Все сестры Голована были пожилые девушки и все помогали брату в хозяйстве: они убирали и доили коров, ходили за курами и пряли необыкновенную пряжу, из которой потом ткали необыкновенные же и никогда мною после этого не виданные ткани. Пряжа эта называлась очень некрасивым словом "поплевки". Материал для нее приносил откуда-то в кульках Голован, и я видел и помню этот материал: он состоял из небольших суковатых обрывочков разноцветных бумажных нитей. Каждый обрывочек был длиною от вершка до четверти аршина, и на каждом таком обрывочке непременно был более или менее толстый узелок или сучок. Откуда Голован брал эти обрывки - я не знаю, но очевидно, что это был фабричный отброс. Так мне и говорили его сестры.
- Это, - говорили, - миленький, где бумагу прядут и ткут, так - как до такого узелка дойдут, сорвут его да на пол и _сплюнут_ - потому что он в берда не идет, а братец их собирает, а мы из них вот тепленькие одеяльца делаем.

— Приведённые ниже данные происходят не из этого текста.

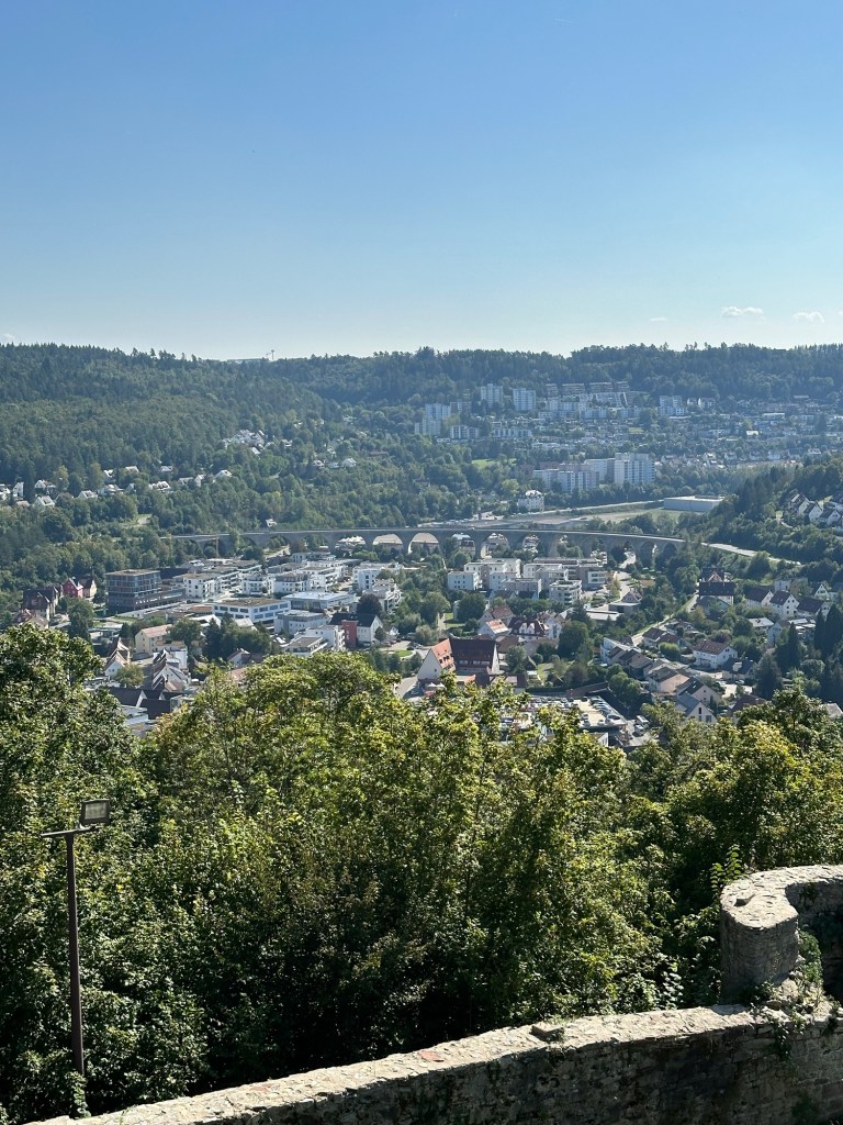 I drove through Nagold last weekend on my way to drop off and pick up Ryan from Altensteig and was eager to come back and explore. A castle ruin overlooks the town from a mountaintop, and the mountain is bordered by the Nagold River and a viaduct bridge.

Я видал, как они все эти обрывки нитей терпеливо разбирали, связывали их кусочек с кусочком, наматывали образовывающуюся таким образом пеструю, разноцветную нить на длинные шпули; потом их трастили, ссучивали еще толще, растягивали на колышках по стене, сортировали что-нибудь одноцветное для каем и, наконец, ткали из этих "поплевок" через особое бердо "поплевковые одеяла". Одеяла эти с виду были похожи на нынешние байковые: так же у каждого из них было по две каймы, но само полотно всегда было мрамористое. Узелки в них как-то сглаживались от ссучивания и хотя были, разумеется, очень заметны, но не мешали этим одеялам быть легкими, теплыми и даже иногда довольно красивыми. Притом же они продавались очень дешево - меньше рубля за штуку.
Эта кустарная промышленность в семье Голована шла без остановки, и он, вероятно, находил сбыт поплевковым одеялам без затруднения.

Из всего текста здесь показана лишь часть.